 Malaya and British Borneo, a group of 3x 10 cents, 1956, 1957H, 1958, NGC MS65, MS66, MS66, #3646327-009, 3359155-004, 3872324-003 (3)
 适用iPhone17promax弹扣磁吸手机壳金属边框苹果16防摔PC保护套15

==

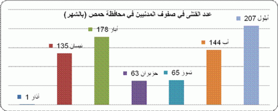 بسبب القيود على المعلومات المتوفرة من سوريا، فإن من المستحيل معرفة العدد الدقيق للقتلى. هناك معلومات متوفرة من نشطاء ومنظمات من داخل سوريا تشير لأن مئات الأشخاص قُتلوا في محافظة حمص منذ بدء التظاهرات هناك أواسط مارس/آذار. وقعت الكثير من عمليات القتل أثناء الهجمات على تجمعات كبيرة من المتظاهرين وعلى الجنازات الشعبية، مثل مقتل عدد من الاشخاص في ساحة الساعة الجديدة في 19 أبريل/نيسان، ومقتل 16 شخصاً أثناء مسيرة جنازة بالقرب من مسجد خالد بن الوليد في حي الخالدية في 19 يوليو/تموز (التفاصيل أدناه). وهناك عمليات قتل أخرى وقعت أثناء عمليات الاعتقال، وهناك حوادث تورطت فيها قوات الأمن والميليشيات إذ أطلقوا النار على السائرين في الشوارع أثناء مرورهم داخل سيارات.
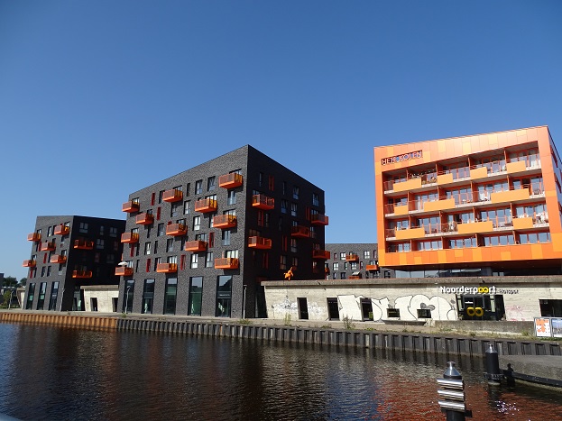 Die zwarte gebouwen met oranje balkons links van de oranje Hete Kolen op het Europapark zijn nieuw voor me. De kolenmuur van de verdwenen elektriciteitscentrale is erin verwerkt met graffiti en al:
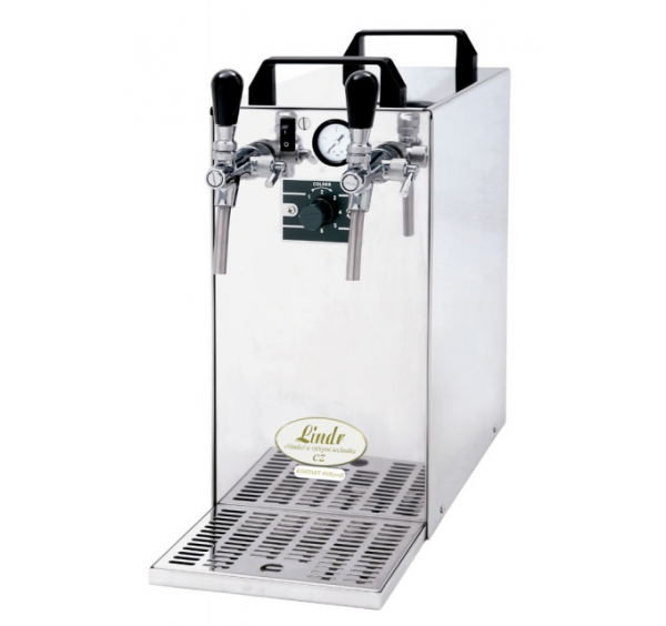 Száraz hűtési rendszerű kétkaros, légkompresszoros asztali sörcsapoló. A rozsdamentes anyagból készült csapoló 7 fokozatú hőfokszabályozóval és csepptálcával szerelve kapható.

---

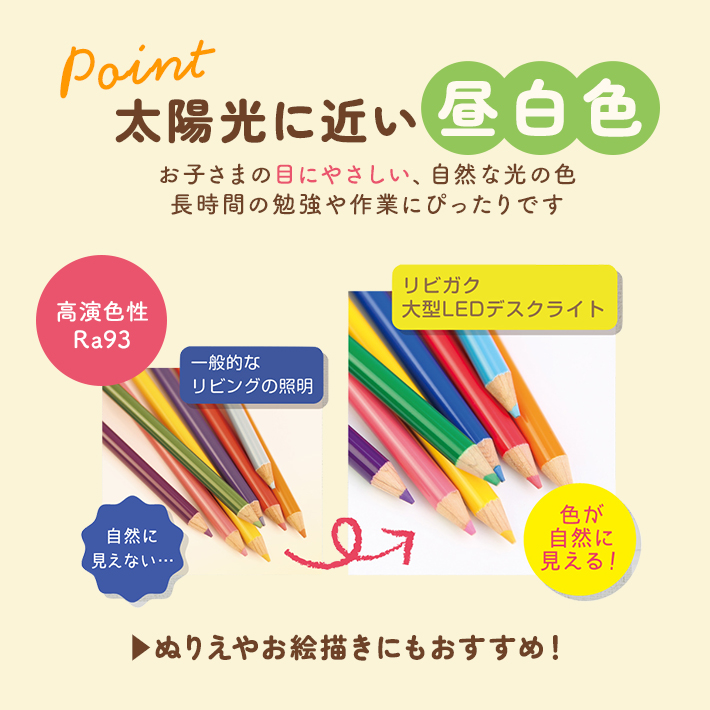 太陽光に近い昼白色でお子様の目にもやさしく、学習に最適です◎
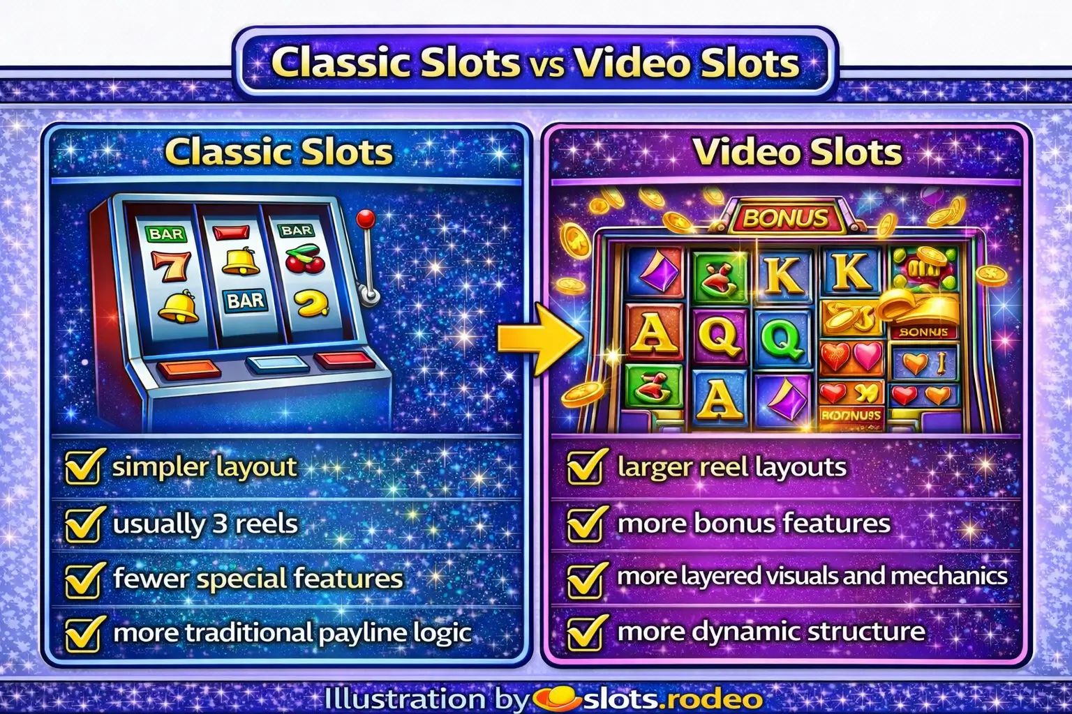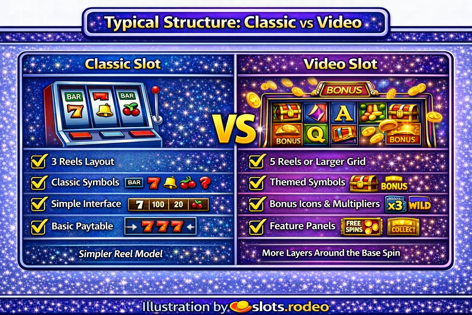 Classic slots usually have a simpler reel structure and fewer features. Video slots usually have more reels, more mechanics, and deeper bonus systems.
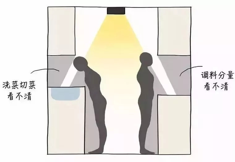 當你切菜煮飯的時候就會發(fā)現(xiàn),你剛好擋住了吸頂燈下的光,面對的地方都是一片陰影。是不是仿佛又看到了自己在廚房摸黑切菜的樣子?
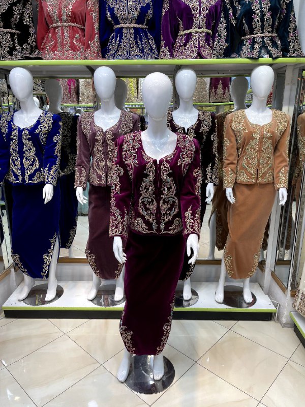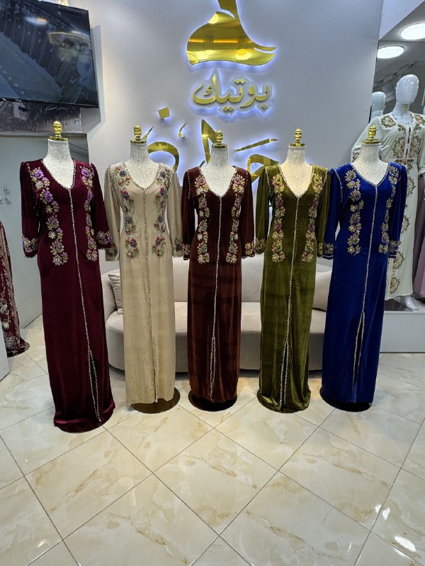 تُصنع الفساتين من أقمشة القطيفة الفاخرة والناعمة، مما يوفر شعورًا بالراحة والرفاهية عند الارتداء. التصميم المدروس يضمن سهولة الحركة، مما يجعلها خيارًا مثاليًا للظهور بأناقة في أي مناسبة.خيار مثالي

Goal of the exercise
Look above for the line containing "當你切菜煮飯的時候就會發(f", then write out every line from there down to the line containing "تُصنع الفساتين من", that line included, with no pictures.

Exercise answer
 當你切菜煮飯的時候就會發(fā)現(xiàn),你剛好擋住了吸頂燈下的光,面對的地方都是一片陰影。是不是仿佛又看到了自己在廚房摸黑切菜的樣子?
 تُصنع الفساتين من أقمشة القطيفة الفاخرة والناعمة، مما يوفر شعورًا بالراحة والرفاهية عند الارتداء. التصميم المدروس يضمن سهولة الحركة، مما يجعلها خيارًا مثاليًا للظهور بأناقة في أي مناسبة.خيار مثالي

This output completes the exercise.